Your implementation is a nearly one-to-one implementation of the C++ from Geeks and it appears rather C++-ish.


When it comes to naming, you should call your members after what they do or represent, - not after how they do it or is: DFS() as well as _list tell me nothing.


        for (int row = i - 1; row <= i + 1 && row < boggle.GetLength(0); row++)
        {
            for (int col = j - 1; col <= j + 1 && col < boggle.GetLength(1); col++)
            {
                if (col >= 0 && row >= 0 && !visited[row, col])
                {
                    DFS(row, col, boggle, dictionary, str, visited);
                }
            }
        }

IMO this way to determine the boundaries of the loops is hard to follow. The stop conditions are calculated in the for-statements while the start conditions are determined half in the for-statements and half in the if-statement.

A more clean and C#-ish way could be something like:

  int minRow = Math.Max(0, row - 1);
  int maxRow = Math.Min(rows, row + 2);
  int minCol = Math.Max(0, col - 1);
  int maxCol = Math.Min(cols, col + 2);

  for (int r = minRow; r < maxRow; r++)
  {
    for (int c = minCol; c < maxCol; c++)
    {
      if (!visited[r, c])
        Search(r, c);
    }
  }

The conditions are calculated once before the loops and hence separated nicely from the loops, and the loops are immediately easy to read and understand. For rows and cols see below.
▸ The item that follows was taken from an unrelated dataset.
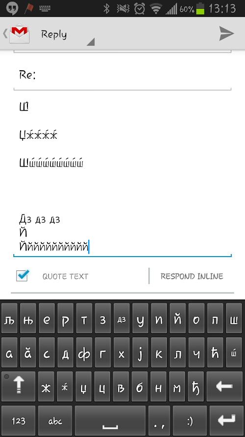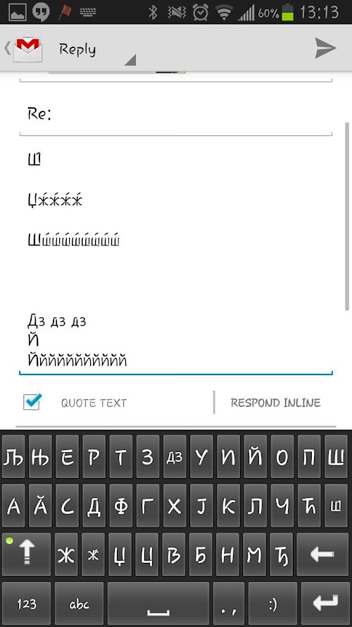 Ова тастатура Вам омогућава да, уз остало, куцате влашка и енглеска слова.This keyboard allows you to, among other things, typing Vlach and English letters.

    private bool IsWord(string str, string[] dictionary)
    {
        for (int i = 0; i < dictionary.Length; i++)
        {
            if (string.CompareOrdinal(str, dictionary[i]) == 0)
            {
                return true;
            }
        }
        return false;
    }

In C# this is a one-liner:

    private bool IsWord(string str, string[] dictionary)
    {
        return dictionary.Contains(str);
    }

        str.Remove(str.Length - 1, 1);

On the StringBuilder it is possible to set the length, which might be faster than removing a sequence of the one last character:

str.Length -= 1;

About the overall design:

On the one hand you let _list be a class member, while all other variables are arguments to the methods. I think I would make a statefull object having as many of the variables as possible as members:

  class WordFinder
  {
    private readonly char[,] boggle;
    private readonly bool[,] visited;
    private readonly int rows;
    private readonly int cols;
    private readonly List<string> words = new List<string>();
    private readonly StringBuilder word = new StringBuilder();
    private string[] dictionary;

    public WordFinder(char[,] boggle)
    {
      this.boggle = boggle;
      rows = boggle.GetLength(0);
      cols = boggle.GetLength(1);
      visited = new bool[rows, cols];
    }
    ...

Other than a reduced set of arguments for the methods one benefit is that the calculation of the boggle dimensions is done once here.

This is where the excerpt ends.